Input (15-20 minutes):
 Say: Textual evidence is evidence from a passage or text that you use to answer questions about that
text, just like detectives use evidence from a crime scene to solve the crime!
 Say: So if I were a real life detective, trying to solve a crime, I would look to the crime scene for
evidence. Let me show you crime scene number 1. (Show an empty table).
 Ask: If I were a detective, do you think I could solve the crime if there wasn’t any evidence there?
 Say: Now what if the criminal had taken a bite out of an apple (take bite of out apple) and accidentally
left it at the crime scene.
 Ask: Now, is there evidence for me to take to the lab and test in order to solve the crime?
 Say: It is the same when you are finding textual evidence. You need to support your answer with
 Ask: A detective wouldn’t go to his boss with no evidence and say he solved the crime, right?
 Say: Okay. So let me read this excerpt from a story about Brittany
“Brittany tried to muffle her gasp of horror as she heard the thump, thump, thump get to the top of
the stairs. She tried to silence her gasp as the noise got louder and louder. It sounded as if it was
following along the wall of Brittany’s room! Thump, thump, thump, it went, faster and faster, closer
and closer.”
 Say: So let me read question number one on my worksheet. (use think aloud) When Brittany tried to
muffle her gasp of horror, she tried to me it: a. as slow as she could, b. as loud as she could, c. as fast
as she could, or d as quiet as she could. Hmm. Let me look back and see (reread the first two
sentences). Ooo! Here! (highlight “she tried to silence her gasp…”) it must be answer d!
 Say: So when I came to my first question, I read it first and read all of the possible answers. Then, I
went back to my passage and re-read to try to find the answer. When I found my answer, I
highlighted it to show where I got it from.
Guided Practice and Formative Assessment:
 Say: Okay, now it is your turn to try! We are going to read the passage together as a class, and then
you will go on to answer the questions about the passage.
 Can I have the paper passers from tables 1, 2 and 3 come get a packet for each person at your table?
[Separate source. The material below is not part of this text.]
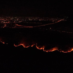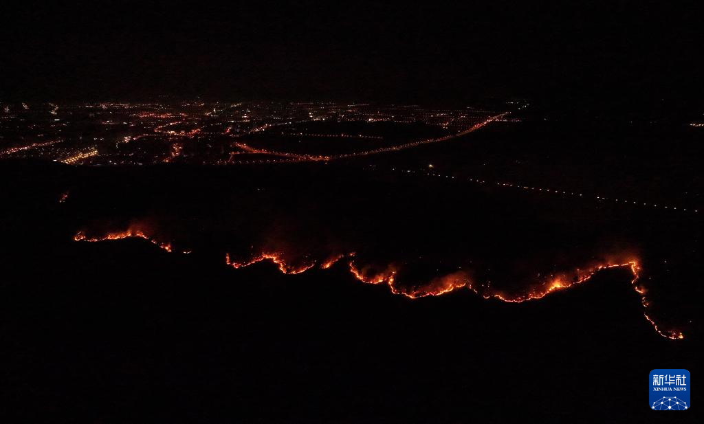 这是3月26日凌晨拍摄的安徽省庐江县东顾山林场火情(无人机照片)。

(Once they’ve almost finished) Tables 4, 5 and 6 paper passers, come get packets! (Once they’ve
almost finished) Tables 7 and 8!
 Say: Alright, everyone open to the passage, we are going to read it altogether! (Begin to read the
 Say: (When done reading the passage) Alright, now it is time for you to be the detectives! Begin to
answer the questions on the next page and as you try to find answers, go back to the passage and
highlight the textual evidence.
 While students are working on the questions, walk around the class scanning to make sure students are
understanding the directions and also meeting the learning objective. (It is important to formatively
assess the students while they are working to watch for any misunderstandings or misconceptions).
Output (3-5 minutes):
Summative Assessment:
 Say: (When students are completed with their questions) Now, I have an exit slip for you! Each exit
slip has a small excerpt from a passage on it and one question. I want you to read the excerpt and
answer the question, the same way we just did. Make sure you highlight your textual evidence where
you found the answer to your question!
 Ask: Who can repeat to me what we are doing now? (Call on raised hand)
 Say: Right! Here are your exit slips. Flip them over and give me a thumbs up when you have finished
it! (Collect the exit slips)
 Say: So today we learned more about how we can be detectives when we are reading. It is important
for a detective to have evidence to solve a crime, just as it is important for a reader to find textual
evidence to answer questions about a passage. Without evidence, a crime cannot be solved, nor can a
question about a text be answered.
 Say: Turn to your table partners and tell them what we learned today!